Thread 0x0000000103500580 (most recent call first):
  File "/Users/az/.local/lib/python3.9/site-packages/tensorflow/python/client/session.py", line 1454 in _call_tf_sessionrun
  File "/Users/az/.local/lib/python3.9/site-packages/tensorflow/python/client/session.py", line 1361 in _run_fn
  File "/Users/az/.local/lib/python3.9/site-packages/tensorflow/python/client/session.py", line 1378 in _do_call
  File "/Users/az/.local/lib/python3.9/site-packages/tensorflow/python/client/session.py", line 1371 in _do_run
  File "/Users/az/.local/lib/python3.9/site-packages/tensorflow/python/client/session.py", line 1191 in _run
  File "/Users/az/.local/lib/python3.9/site-packages/tensorflow/python/client/session.py", line 968 in run
  File "/Users/az/Programmierung/crnn/tests/test_TFUtil.py", line 3529 in test_get_variable_grad_from_update_ops
  File "/Users/az/Programmierung/crnn/tests/test_TFUtil.py", line 4559 in <module>
fish: Job 1, 'python3 tests/test_TFUtil.py te…' terminated by signal SIGSEGV (Address boundary error)
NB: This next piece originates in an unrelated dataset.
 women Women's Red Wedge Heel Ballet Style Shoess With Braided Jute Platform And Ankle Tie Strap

Stack trace in LLDB in the crashing thread:

* thread #28, queue = 'metal gpu stream', stop reason = EXC_BAD_ACCESS (code=1, address=0xbeaddc3f8010)
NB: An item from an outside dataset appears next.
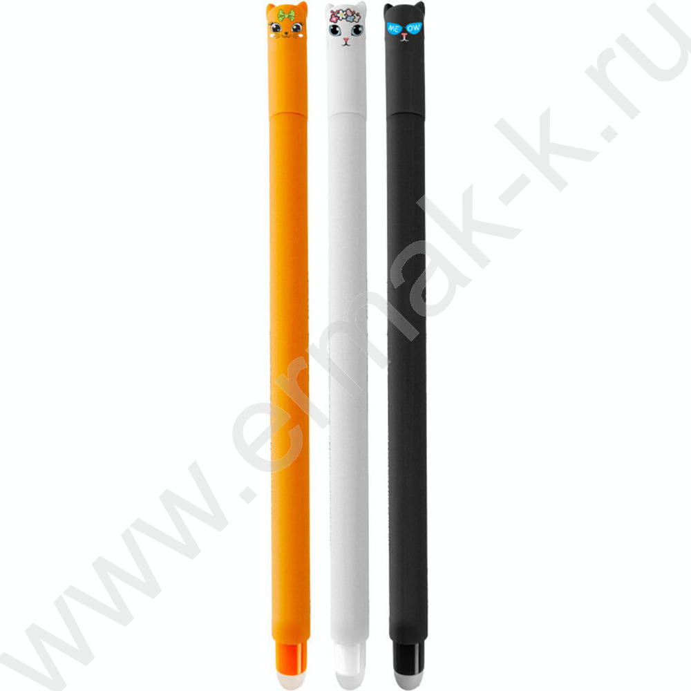 Ручка гелевая Пиши-Стирай 0,5мм синяя "Lady Kitty" с декор. элементом на колпачке /корпус ассорт

  * frame #0: 0x00000001836ea5a0 libobjc.A.dylib`objc_msgSend + 32
    frame #1: 0x000000018df96d38 MPSNDArray`___lldb_unnamed_symbol1550 + 2292
    frame #2: 0x000000018df98bbc MPSNDArray`___lldb_unnamed_symbol1567 + 300
    frame #3: 0x000000018df991e8 MPSNDArray`___lldb_unnamed_symbol1569 + 176
    frame #4: 0x0000000159a7d2b8 libmetal_plugin.dylib`invocation function for block in double dispatchOneKernel<MPSNDArrayIdentity>(MetalStream*, MPSNDArrayIdentity*, NSArray*, MPSNDArray*, char const*, MPSKernelDAGObject*) + 120
    frame #5: 0x00000001836a01b4 libdispatch.dylib`_dispatch_client_callout + 20
    frame #6: 0x00000001836af414 libdispatch.dylib`_dispatch_lane_barrier_sync_invoke_and_complete + 56
    frame #7: 0x0000000159a7d140 libmetal_plugin.dylib`double dispatchOneKernel<MPSNDArrayIdentity>(MetalStream*, MPSNDArrayIdentity*, NSArray*, MPSNDArray*, char const*, MPSKernelDAGObject*) + 120
    frame #8: 0x0000000159a7fffc libmetal_plugin.dylib`metal_plugin::MPSApplyMomentumOp<float>::Compute(metal_plugin::OpKernelContext*) + 2768
    frame #9: 0x0000000159a7f2fc libmetal_plugin.dylib`void metal_plugin::ComputeOpKernel<metal_plugin::MPSApplyMomentumOp<float> >(void*, TF_OpKernelContext*) + 44
    frame #10: 0x000000014cd00028 libtensorflow_framework.2.dylib`tensorflow::PluggableDevice::Compute(tensorflow::OpKernel*, tensorflow::OpKernelContext*) + 148
    frame #11: 0x000000014cc847f0 libtensorflow_framework.2.dylib`tensorflow::(anonymous namespace)::ExecutorState<tensorflow::SimplePropagatorState>::Process(tensorflow::SimplePropagatorState::TaggedNode, long long) + 3764
    frame #12: 0x000000028a47eb6c _pywrap_tensorflow_internal.so`Eigen::ThreadPoolTempl<tsl::thread::EigenEnvironment>::WorkerLoop(int) + 1496
    frame #13: 0x000000028a47e468 _pywrap_tensorflow_internal.so`tsl::thread::EigenEnvironment::CreateThread(std::__1::function<void ()>)::'lambda'()::operator()() const + 80
    frame #14: 0x000000014cb9e878 libtensorflow_framework.2.dylib`tsl::(anonymous namespace)::PThread::ThreadFn(void*) + 120
    frame #15: 0x000000018386426c libsystem_pthread.dylib`_pthread_start + 148

As you see from the output, the crash happens in the last session.run([minimize_op, grad]).